Worst Jokes Ever
If you think about it, taking candy from a baby is good because candy is bad for babies.
What’s the difference between kids and drugs?
I don’t hide drugs in my basement.
What do you call a Black Iron Man?
Robert Browny Jr.
If Huggy and Kissy ever had a kid, they would have a good lunch. *evil laugh* 😈
What’s black, white, and red all over? A nun on her period.
Q. What's the difference between a CEO and a deer?
A. You don't normally fuck the deer after you've shot it.
I was confused when they asked me, "Do you know how to fly a plane?" Then, when I said, "No," they said, "Perfect!"
What does a cannibal call a wheelchair user? A Drive-Thru.

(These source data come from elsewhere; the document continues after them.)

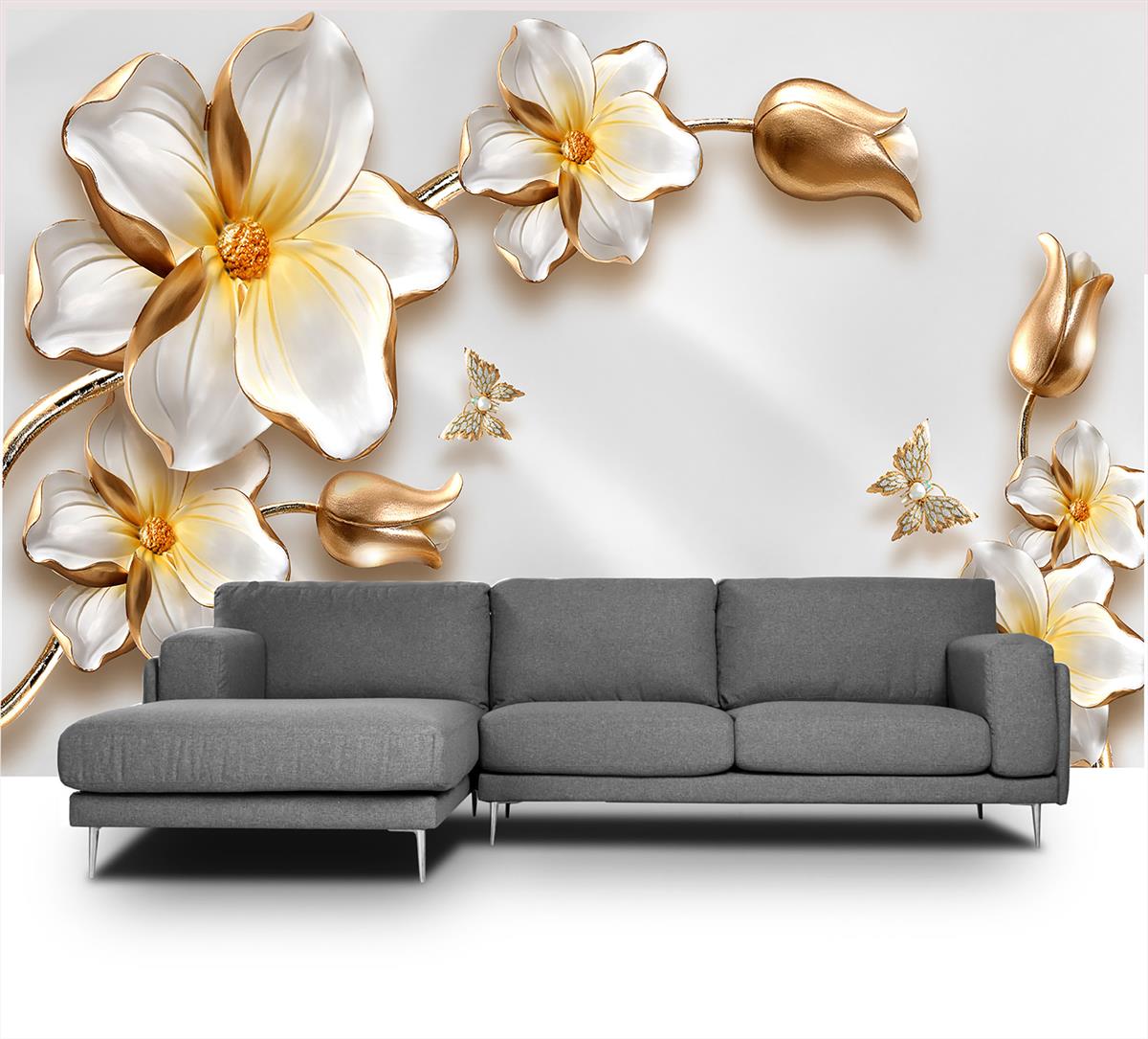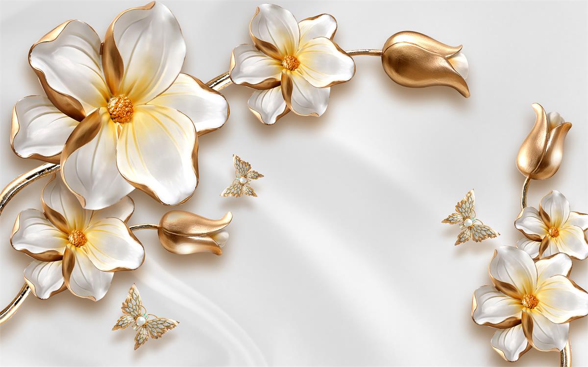 گل های پنج پر 3بعدی با پروانه ها
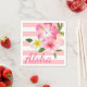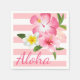 Os guardanapos do coquetel "Aloha" no Havaí têm flores vibrantes tropicais de hibisco, texto personalizado e padrão de fundo de listras rosa e branca.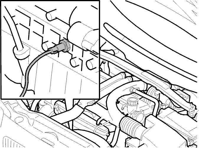 The oil pressure sensor is located on the bottom edge of the engine, to the left of the front engine mounting.

What’s a 9/11 victim’s least favorite song?
Drowning Pool - Bodies.
If you have a friend that will not leave you alone about something, just simply tell them: "If you watch something, have you ever thought that you're in a movie when you watch a movie?"
A good woman is like a good cup of coffee, especially when it’s strong and hot with a little bit of cream in it.
Michael Jackson was on a boat with a bunch of children. The boat captain comes up to him and says, "Michael, we've come into some trouble and the boat is about to sink. We need to get off the boat right now." "But what about the children?" The captain said, "F*** them." Michael Jackson responded, "Is there enough time?"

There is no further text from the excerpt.